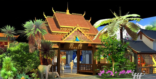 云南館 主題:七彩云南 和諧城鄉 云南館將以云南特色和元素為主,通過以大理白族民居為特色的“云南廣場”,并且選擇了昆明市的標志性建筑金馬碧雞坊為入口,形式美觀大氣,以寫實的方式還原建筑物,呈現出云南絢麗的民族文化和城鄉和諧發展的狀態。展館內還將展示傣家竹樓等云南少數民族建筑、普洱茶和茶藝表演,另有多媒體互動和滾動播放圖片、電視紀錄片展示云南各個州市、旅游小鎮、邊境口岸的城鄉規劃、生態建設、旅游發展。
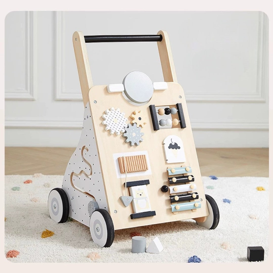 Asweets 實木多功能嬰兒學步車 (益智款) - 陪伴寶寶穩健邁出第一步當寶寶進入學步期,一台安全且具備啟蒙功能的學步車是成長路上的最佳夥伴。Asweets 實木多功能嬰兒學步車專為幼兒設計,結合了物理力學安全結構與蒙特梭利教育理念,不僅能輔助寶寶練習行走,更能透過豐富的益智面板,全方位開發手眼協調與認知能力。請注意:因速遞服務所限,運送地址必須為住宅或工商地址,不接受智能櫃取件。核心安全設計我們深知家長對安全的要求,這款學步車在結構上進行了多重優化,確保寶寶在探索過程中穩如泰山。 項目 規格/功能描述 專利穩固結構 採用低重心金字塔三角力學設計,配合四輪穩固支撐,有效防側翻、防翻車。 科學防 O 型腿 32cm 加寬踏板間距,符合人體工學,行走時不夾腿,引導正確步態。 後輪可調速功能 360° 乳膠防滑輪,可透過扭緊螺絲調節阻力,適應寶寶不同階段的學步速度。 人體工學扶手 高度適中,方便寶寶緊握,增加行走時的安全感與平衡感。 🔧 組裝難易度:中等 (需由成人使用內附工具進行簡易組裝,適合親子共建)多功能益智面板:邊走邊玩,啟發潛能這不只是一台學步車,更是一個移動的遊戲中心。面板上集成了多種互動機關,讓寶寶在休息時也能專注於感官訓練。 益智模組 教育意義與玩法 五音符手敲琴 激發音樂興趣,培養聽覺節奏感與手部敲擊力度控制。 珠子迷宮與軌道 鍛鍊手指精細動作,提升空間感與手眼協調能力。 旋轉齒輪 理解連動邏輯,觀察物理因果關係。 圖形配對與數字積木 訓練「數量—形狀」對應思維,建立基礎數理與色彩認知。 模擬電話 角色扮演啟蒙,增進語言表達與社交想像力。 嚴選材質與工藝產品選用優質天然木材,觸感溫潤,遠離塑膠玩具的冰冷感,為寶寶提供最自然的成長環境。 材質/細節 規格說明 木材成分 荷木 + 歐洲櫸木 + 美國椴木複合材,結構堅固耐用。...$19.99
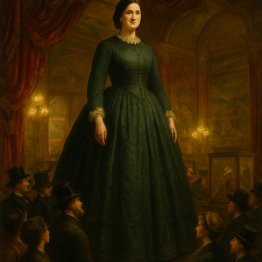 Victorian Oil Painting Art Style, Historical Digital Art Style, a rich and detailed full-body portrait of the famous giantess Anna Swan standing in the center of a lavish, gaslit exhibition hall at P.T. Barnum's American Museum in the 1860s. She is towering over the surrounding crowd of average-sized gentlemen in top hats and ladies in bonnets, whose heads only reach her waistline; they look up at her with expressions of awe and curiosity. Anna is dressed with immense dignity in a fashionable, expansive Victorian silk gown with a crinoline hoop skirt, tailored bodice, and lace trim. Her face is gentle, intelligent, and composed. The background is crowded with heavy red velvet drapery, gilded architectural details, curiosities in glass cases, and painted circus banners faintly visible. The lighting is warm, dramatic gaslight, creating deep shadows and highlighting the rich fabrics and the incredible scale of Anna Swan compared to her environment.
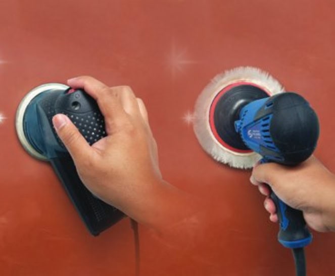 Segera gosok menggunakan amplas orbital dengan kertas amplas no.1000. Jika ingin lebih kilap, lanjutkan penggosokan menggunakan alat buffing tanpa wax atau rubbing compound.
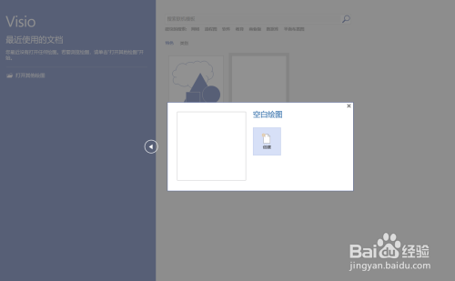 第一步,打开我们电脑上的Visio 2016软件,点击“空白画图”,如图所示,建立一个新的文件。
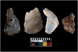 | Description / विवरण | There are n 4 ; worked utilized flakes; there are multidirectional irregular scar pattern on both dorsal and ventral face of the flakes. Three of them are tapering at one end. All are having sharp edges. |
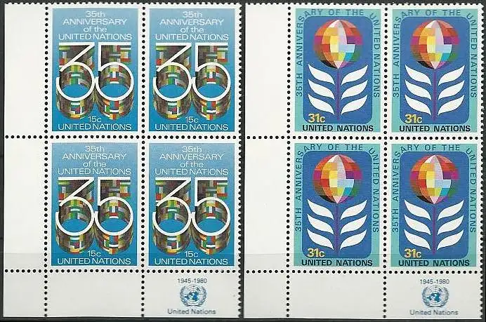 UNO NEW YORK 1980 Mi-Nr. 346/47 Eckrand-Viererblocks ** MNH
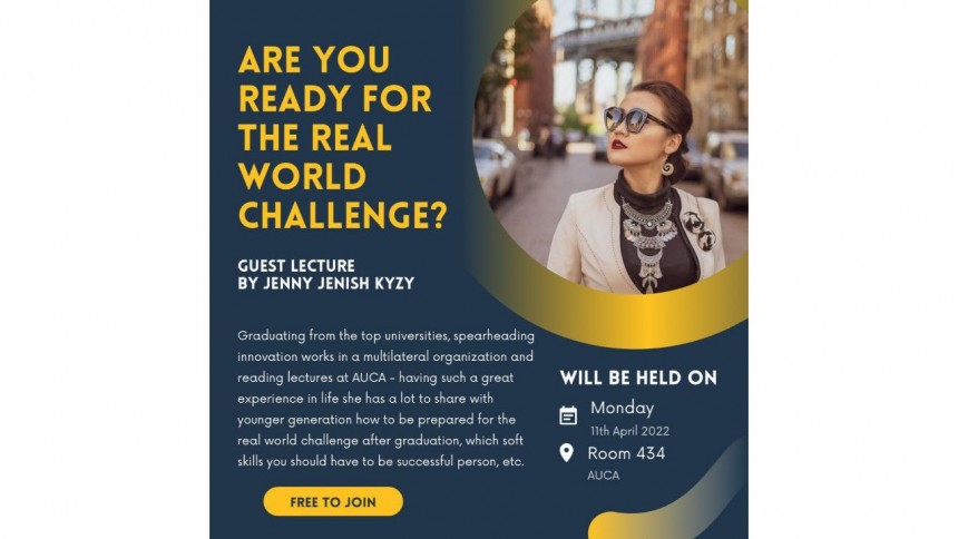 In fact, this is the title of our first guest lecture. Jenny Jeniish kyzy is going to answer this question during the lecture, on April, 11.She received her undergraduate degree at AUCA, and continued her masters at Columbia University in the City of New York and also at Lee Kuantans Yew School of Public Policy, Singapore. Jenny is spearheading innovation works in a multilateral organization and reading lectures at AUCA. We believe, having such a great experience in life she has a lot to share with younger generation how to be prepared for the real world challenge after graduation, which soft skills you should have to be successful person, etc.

___

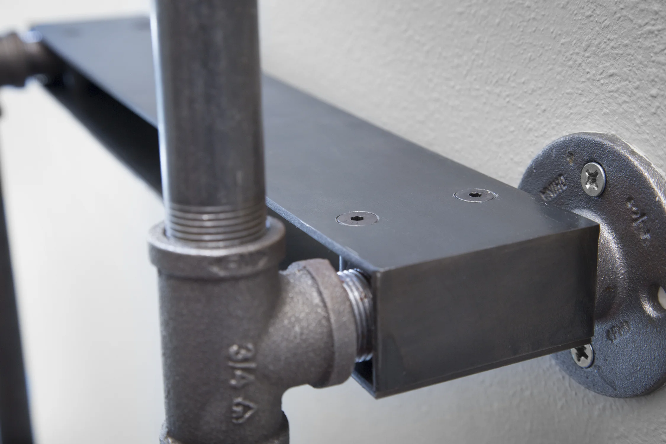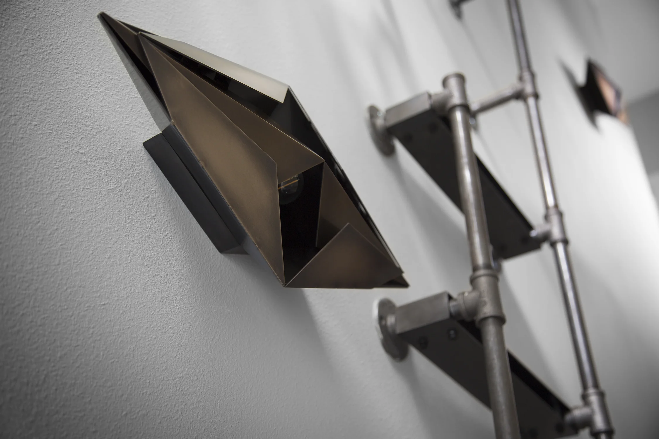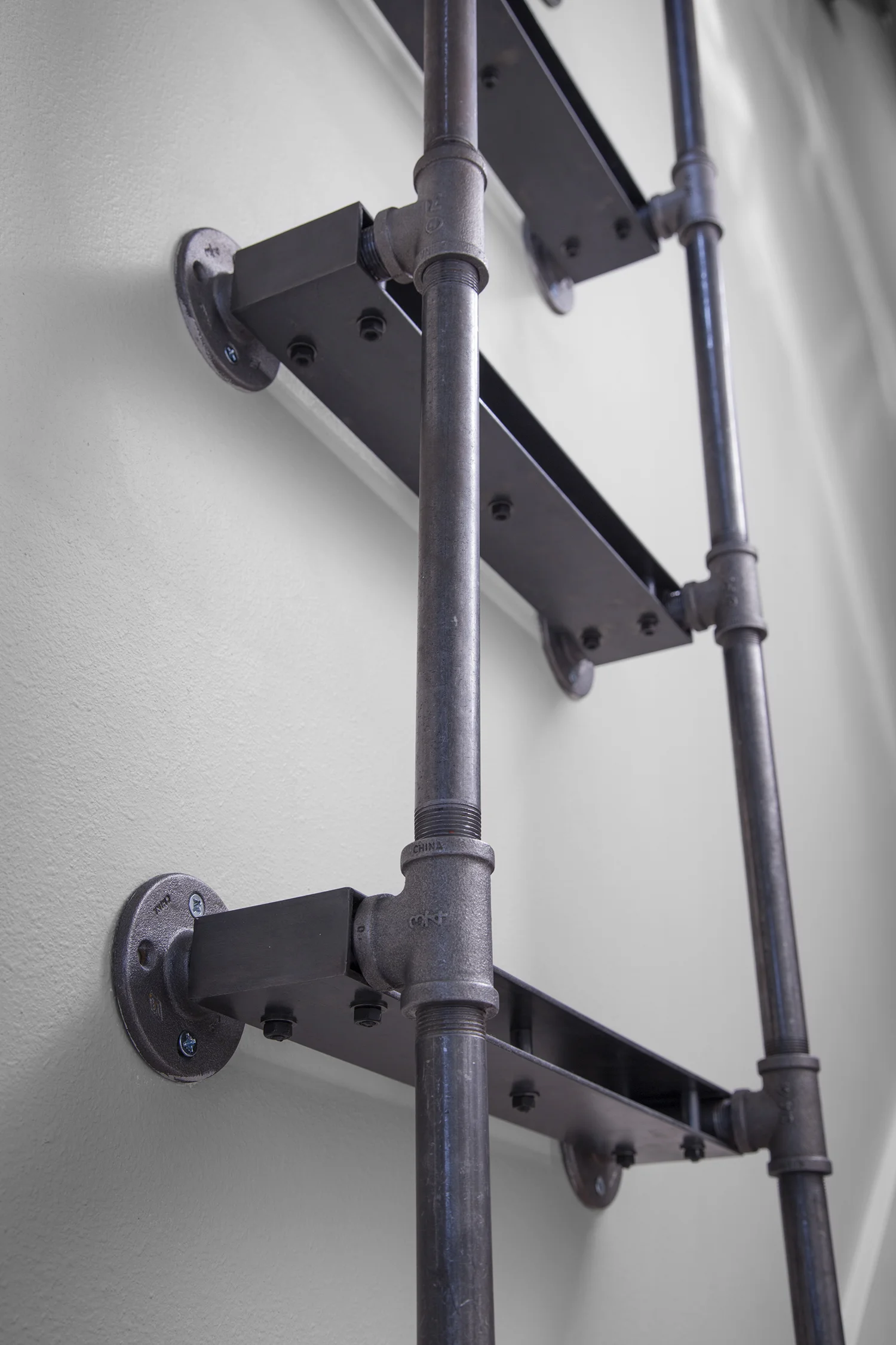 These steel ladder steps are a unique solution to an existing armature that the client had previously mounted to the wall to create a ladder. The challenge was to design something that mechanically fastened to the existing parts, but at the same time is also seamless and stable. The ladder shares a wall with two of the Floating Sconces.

___

Exercise directions =>
Leaving all pictures out, output exactly the lines of the material above from the line with "Segera gosok menggunakan" to the line with "In fact, this", both included.

Output of the exercise =>
 Segera gosok menggunakan amplas orbital dengan kertas amplas no.1000. Jika ingin lebih kilap, lanjutkan penggosokan menggunakan alat buffing tanpa wax atau rubbing compound.
 第一步,打开我们电脑上的Visio 2016软件,点击“空白画图”,如图所示,建立一个新的文件。
 | Description / विवरण | There are n 4 ; worked utilized flakes; there are multidirectional irregular scar pattern on both dorsal and ventral face of the flakes. Three of them are tapering at one end. All are having sharp edges. |
 UNO NEW YORK 1980 Mi-Nr. 346/47 Eckrand-Viererblocks ** MNH
 In fact, this is the title of our first guest lecture. Jenny Jeniish kyzy is going to answer this question during the lecture, on April, 11.She received her undergraduate degree at AUCA, and continued her masters at Columbia University in the City of New York and also at Lee Kuantans Yew School of Public Policy, Singapore. Jenny is spearheading innovation works in a multilateral organization and reading lectures at AUCA. We believe, having such a great experience in life she has a lot to share with younger generation how to be prepared for the real world challenge after graduation, which soft skills you should have to be successful person, etc.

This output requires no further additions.